Task instructions: Copy the lines from the start of the records below through the line containing "Little Dutch Jackie", both included, and leave out the pictures.

● ● ● ● ● ● ●

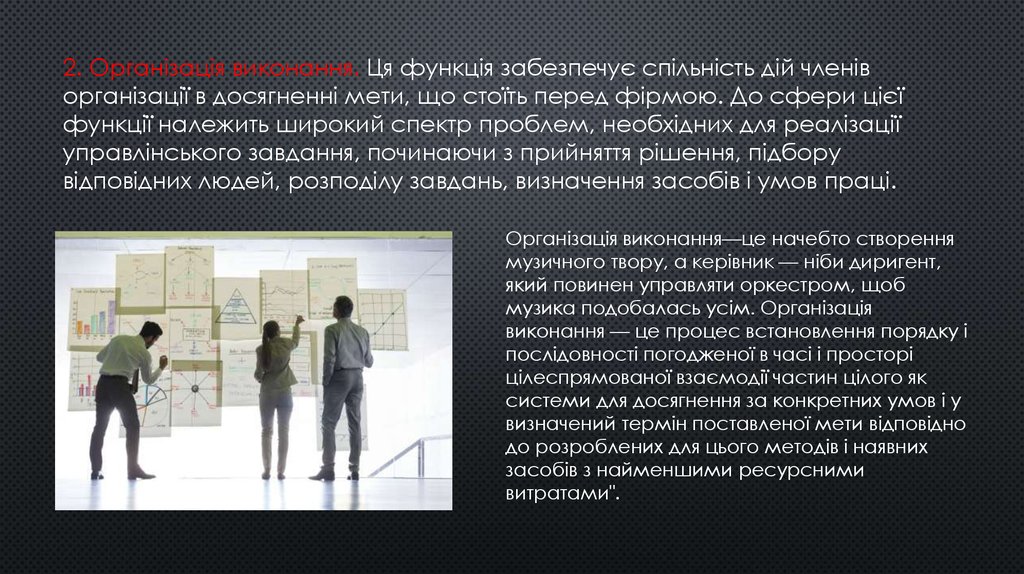 2. Організація виконання. Ця функція забезпечує спільність дій членіворганізації в досягненні мети, що стоїть перед фірмою. До сфери цієї
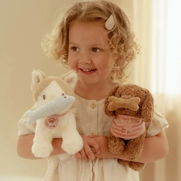 Little Dutch Jackie przytulanka pies w torbie to miękki zestaw dla dzieci, które lubią przytulanki i zabawę w opiekę nad swoim zwierzakiem. W komplecie znajduje się piesek Jackie, kwiatowa torba transportowa oraz materiałowa kostka, dzięki czemu dziecko może zabrać swojego pupila na spacer, wyjazd albo do zabawy w domu.
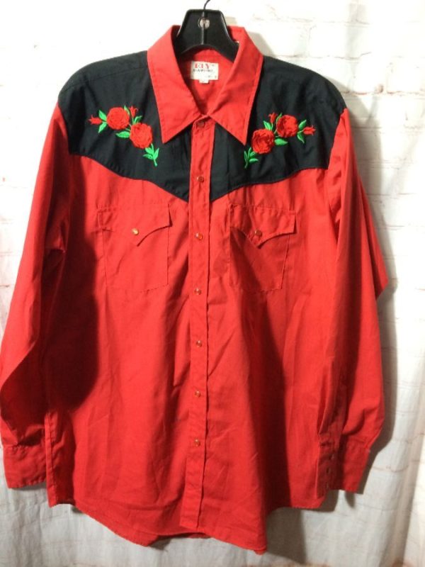 Ely Diamond Western shirt, long sleeves, button-up with pearl snaps, contrasting yoke with embroidered roses front and back, snap-up front pockets, red/black/green, size L As is
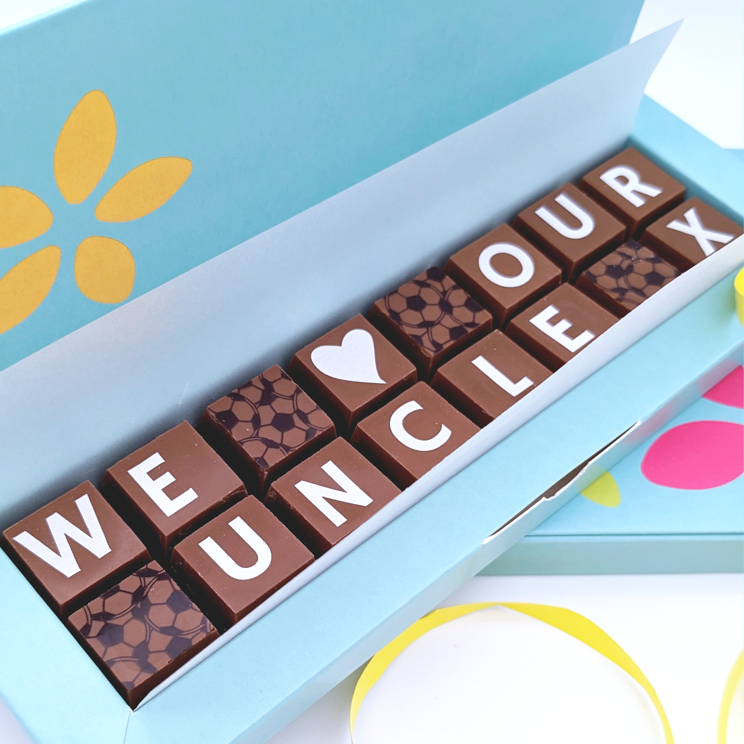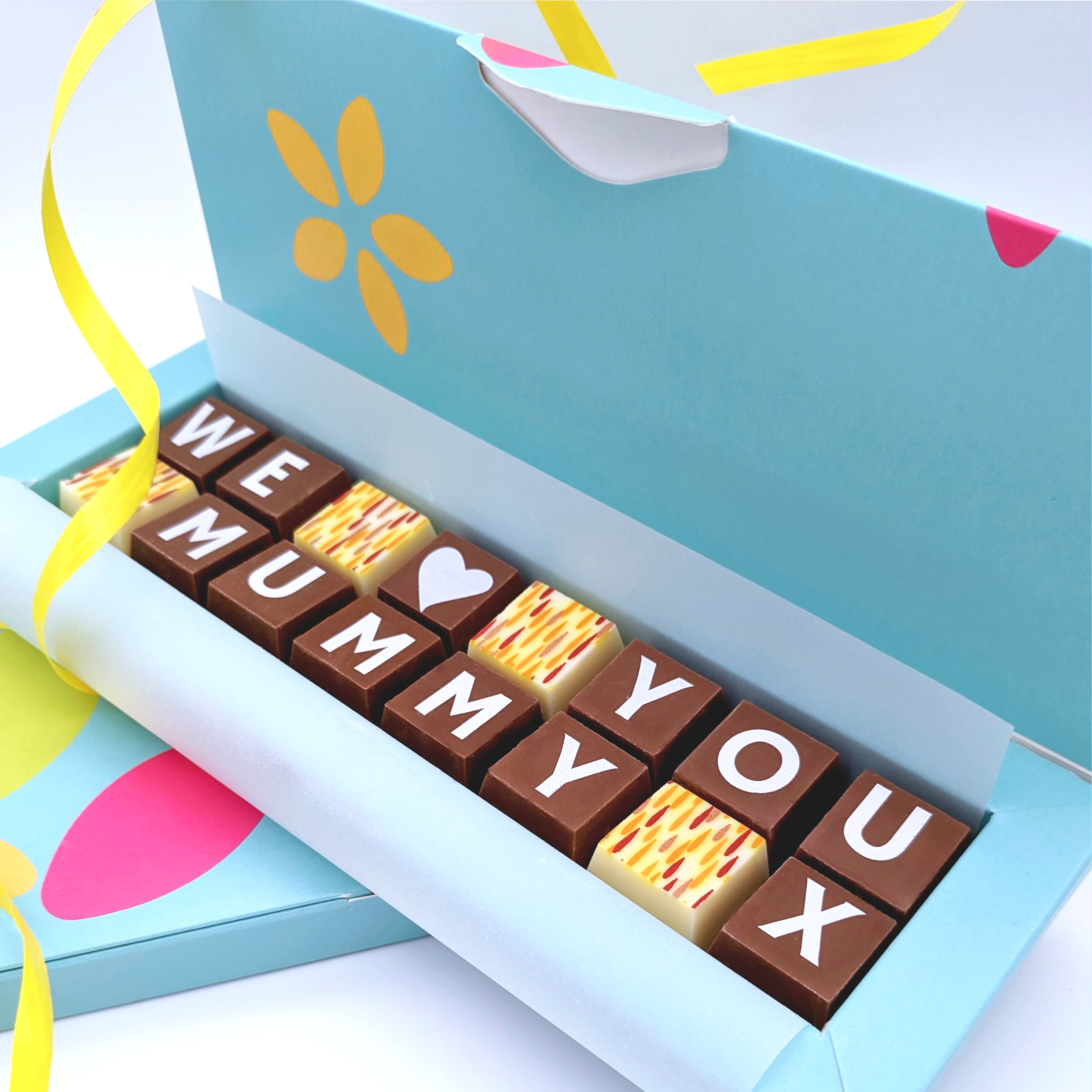 Create your own I love you gift message in solid blocks of delicious chocolate – just add the lucky recipient’s name.
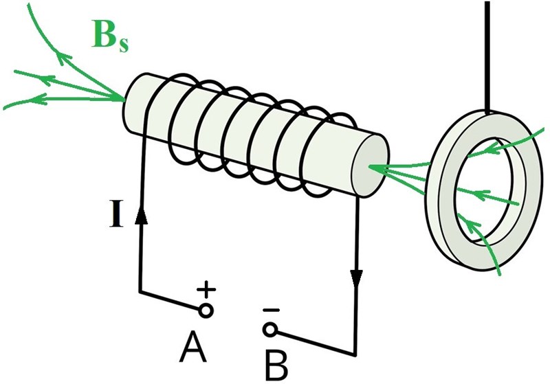 Nära ena änden av en elektromagnet hänger en kopparring. Ett batteri kopplas in så att A blir positiv.
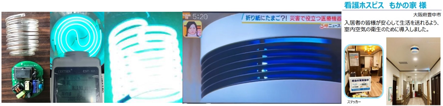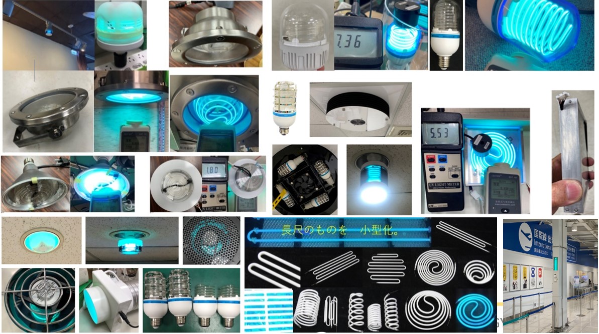 商品化:UVC電球、渦巻モジュール、パーライト、投影ライト、ダウンライト、UVGI、GX70、空調セット、水殺菌ライト(優れている10万回耐点滅特性)など。

● ● ● ● ● ● ●

Task response:
 2. Організація виконання. Ця функція забезпечує спільність дій членіворганізації в досягненні мети, що стоїть перед фірмою. До сфери цієї
 Little Dutch Jackie przytulanka pies w torbie to miękki zestaw dla dzieci, które lubią przytulanki i zabawę w opiekę nad swoim zwierzakiem. W komplecie znajduje się piesek Jackie, kwiatowa torba transportowa oraz materiałowa kostka, dzięki czemu dziecko może zabrać swojego pupila na spacer, wyjazd albo do zabawy w domu.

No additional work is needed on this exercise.